>>>>>

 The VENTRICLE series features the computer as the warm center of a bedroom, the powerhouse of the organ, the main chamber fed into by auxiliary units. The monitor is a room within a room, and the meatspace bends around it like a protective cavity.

<<<<<
>>>>>

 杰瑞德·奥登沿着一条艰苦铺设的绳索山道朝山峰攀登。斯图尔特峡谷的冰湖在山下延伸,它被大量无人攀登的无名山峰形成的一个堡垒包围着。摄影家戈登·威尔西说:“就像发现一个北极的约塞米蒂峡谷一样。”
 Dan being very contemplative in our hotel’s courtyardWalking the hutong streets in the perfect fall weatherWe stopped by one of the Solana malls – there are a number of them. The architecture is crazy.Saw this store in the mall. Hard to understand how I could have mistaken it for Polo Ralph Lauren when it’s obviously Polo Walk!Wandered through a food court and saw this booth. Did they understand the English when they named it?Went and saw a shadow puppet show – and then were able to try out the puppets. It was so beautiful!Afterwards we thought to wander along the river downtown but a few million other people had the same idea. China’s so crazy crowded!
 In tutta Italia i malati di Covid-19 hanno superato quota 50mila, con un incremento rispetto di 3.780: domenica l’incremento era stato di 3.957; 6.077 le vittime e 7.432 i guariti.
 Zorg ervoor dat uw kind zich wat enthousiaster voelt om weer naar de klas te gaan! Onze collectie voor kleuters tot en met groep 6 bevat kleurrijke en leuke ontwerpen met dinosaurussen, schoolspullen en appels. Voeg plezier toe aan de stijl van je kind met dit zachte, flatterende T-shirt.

<<<<<
>>>>>

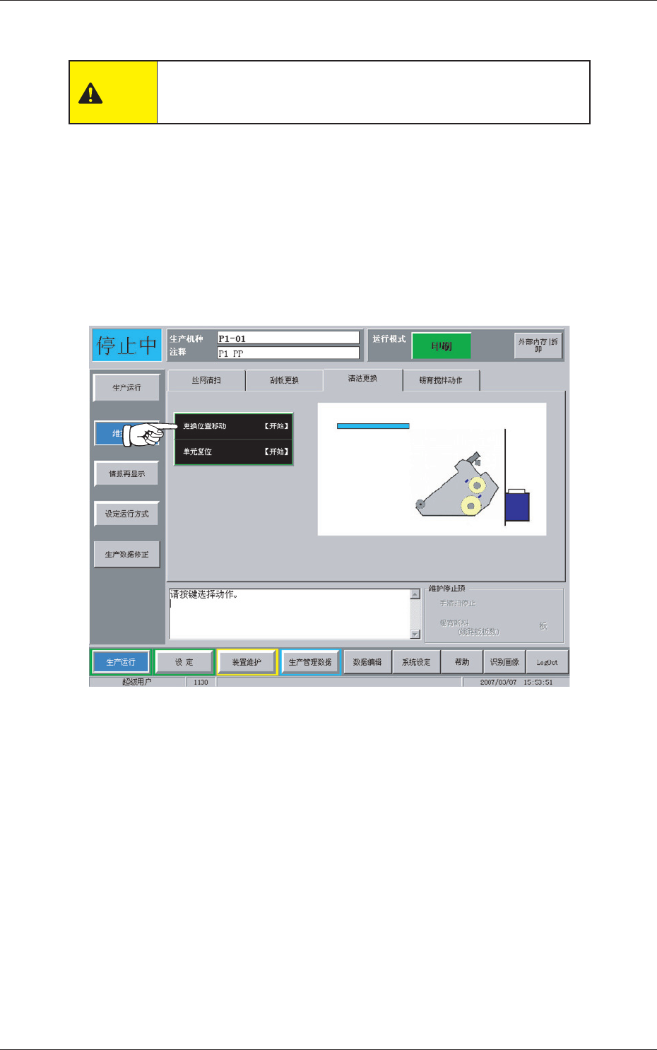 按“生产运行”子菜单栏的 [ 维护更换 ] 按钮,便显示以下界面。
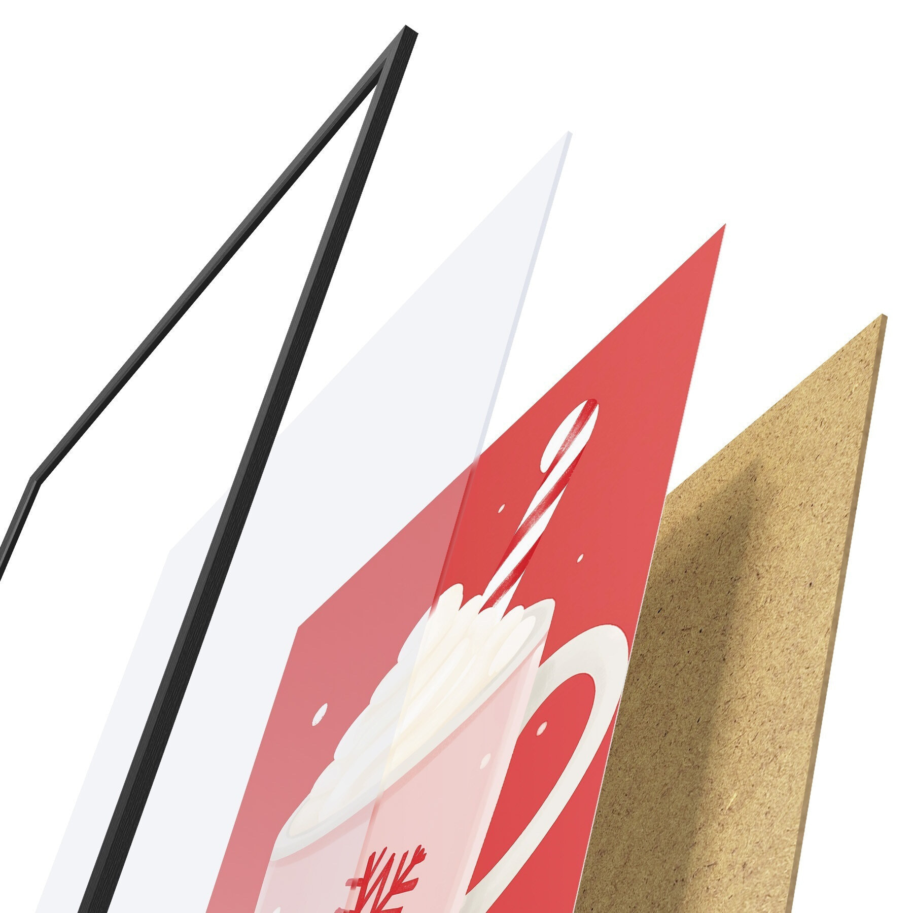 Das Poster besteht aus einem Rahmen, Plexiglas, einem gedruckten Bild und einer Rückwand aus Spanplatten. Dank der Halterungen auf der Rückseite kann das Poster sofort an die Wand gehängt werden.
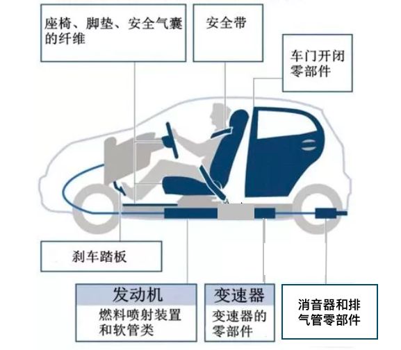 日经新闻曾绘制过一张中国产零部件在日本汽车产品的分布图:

<<<<<

Work to be completed:
Set down, exactly as they stand above, the lines starting with the line with "Dan being very" and going on through the line with "Zorg ervoor dat", and no others.

Worked solution:
 Dan being very contemplative in our hotel’s courtyardWalking the hutong streets in the perfect fall weatherWe stopped by one of the Solana malls – there are a number of them. The architecture is crazy.Saw this store in the mall. Hard to understand how I could have mistaken it for Polo Ralph Lauren when it’s obviously Polo Walk!Wandered through a food court and saw this booth. Did they understand the English when they named it?Went and saw a shadow puppet show – and then were able to try out the puppets. It was so beautiful!Afterwards we thought to wander along the river downtown but a few million other people had the same idea. China’s so crazy crowded!
 In tutta Italia i malati di Covid-19 hanno superato quota 50mila, con un incremento rispetto di 3.780: domenica l’incremento era stato di 3.957; 6.077 le vittime e 7.432 i guariti.
 Zorg ervoor dat uw kind zich wat enthousiaster voelt om weer naar de klas te gaan! Onze collectie voor kleuters tot en met groep 6 bevat kleurrijke en leuke ontwerpen met dinosaurussen, schoolspullen en appels. Voeg plezier toe aan de stijl van je kind met dit zachte, flatterende T-shirt.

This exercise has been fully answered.